You can do this nicely with boolean masks:

a = numpy.arange(10)

mask = np.ones(len(a), dtype=bool) # all elements included/True.
mask[[7,2,8]] = False              # Set unwanted elements to False

print a[mask]
# Gives (removing entries 7, 2 and 8):
[0 1 3 4 5 6 9]

Addition (taken from @mgilson). The binary mask created can be used nicely to get back the original slices with a[~mask] however this is only the same if the original indices were sorted.


EDIT: Moved down, as I had to realize that I would consider np.delete buggy at this time (Sep. 2012).

You could also use np.delete, though masks are more powerful (and in the future I think that should be an OK option). At the moment however its slower then the above, and will create unexpected results with negative indices (or steps when given a slice).

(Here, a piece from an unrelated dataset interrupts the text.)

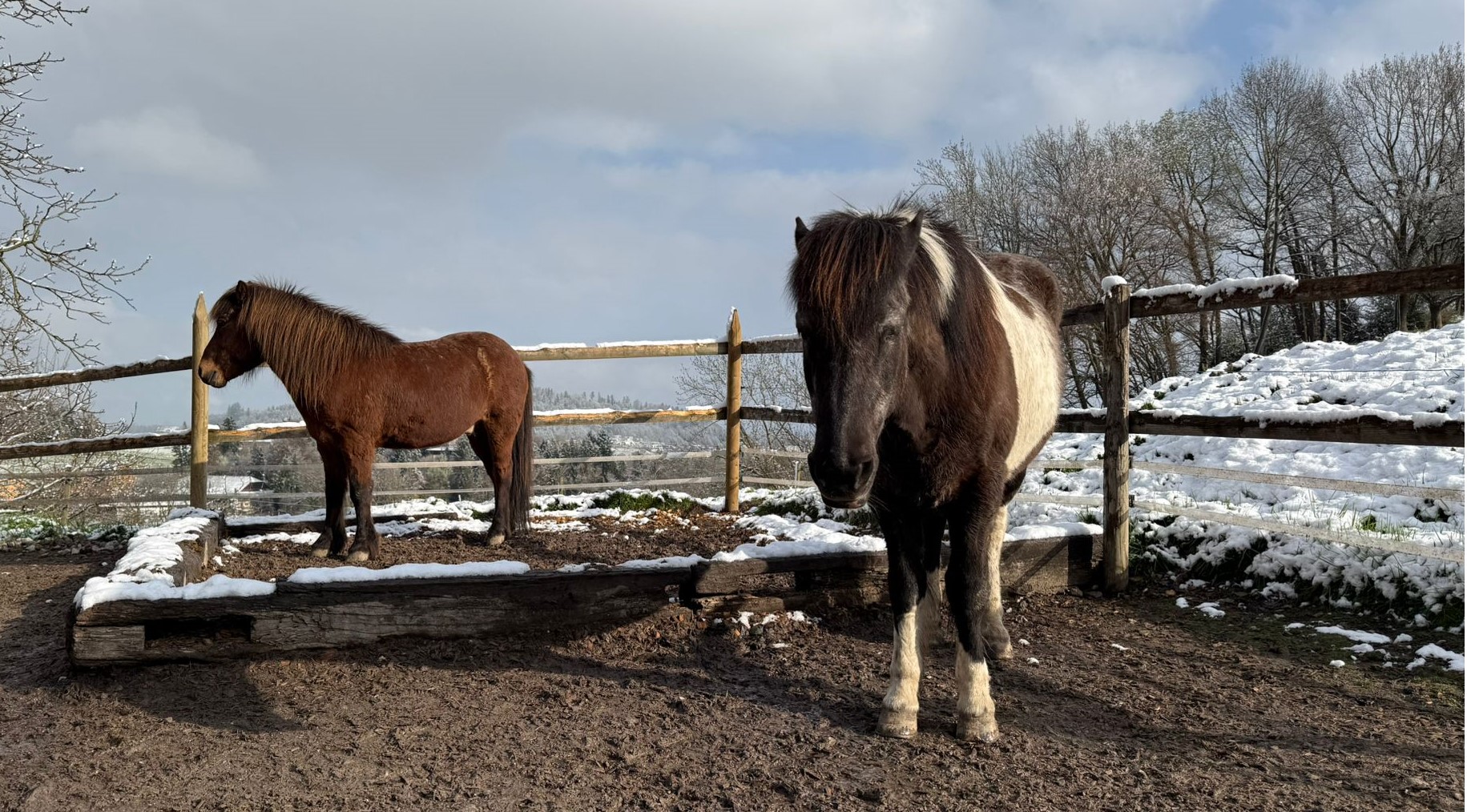 Erst grad noch wunderbares Herbstwetter und jetzt hat uns der Winter voll im Griff. Der erste Schnee wie jedes Jahr – des einen Freud, des andern Leid. Den Ponys gefällts! Ein paar Impressionen dazu gibts hier.

print np.delete(a, [7,2,8])

4 Comments

Yes -- the second approach is the best so far, and the only pure-numpy linear apprach... seems obvious in retrospect! (Note that behind the scenes, numpy.delete just uses setdiff1d which in turn uses in1d. So it's also n log n.) Would +1 but you already have mine!
@senderle seriously! Thats funny, maybe the np.delete could use a change for that execution path...
@PierreGM, true I never use it too, but if you only want a copy of the array without it and nothing else, I honestly don't see a huge problem with using such a function.
@seberg The fact that it exists means that np.delete is useful for some, of course, but I keep thinking that it's a terrible function that never works as people expect it to (but works exactly as it should). Why adding to the confusion when explicit fancy indexing is so much clearer?
4

It's more like:

a = numpy.array([1, 2, 3, 4, 5, 6, 7, 4])
exclude_index = numpy.arange(5)
include_index = numpy.setdiff1d(numpy.arange(len(a)), exclude_index)
a[include_index]
# array([6, 7, 4])

# Notice this is a little different from
numpy.setdiff1d(a, a[exclude_index])
# array([6, 7]

Comments

1

I would do this with a Boolean mask but a little different. Which has the benefit of working in N-dimensions, with continuous or not indices. Memory usage will depend on if a view or copy is made for the masked array and I am not sure.

import numpy
a = numpy.arange(10)
sel_id = numpy.arange(5)
mask = numpy.ma.make_mask_none(a.shape)
mask[sel_id] = True
answer = numpy.ma.masked_array(a, mask).compressed()
print answer
# [5 6 7 8 9]

1 Comment

Masked arrays may be a really nice option. Though .compressed() somewhat defeats the masked array purpose IMO, as it creates a normal array copy.
0

Also, if they are contiguous use the [N:] syntax to select the rest. For instance, arr[5:] would select the 5th to last element in the array.

Comments

0

Here's another way, using numpy's isin() function:

import numpy as np

a = np.arange(10)
sel_id = np.arange(5)

a[~np.isin(np.arange(a.size), sel_id)]

Explanation:

np.arange(a.size) gives all the indices of a, i.e. [0, 1, 2, 3, 4, 5, 6, 7, 8, 9]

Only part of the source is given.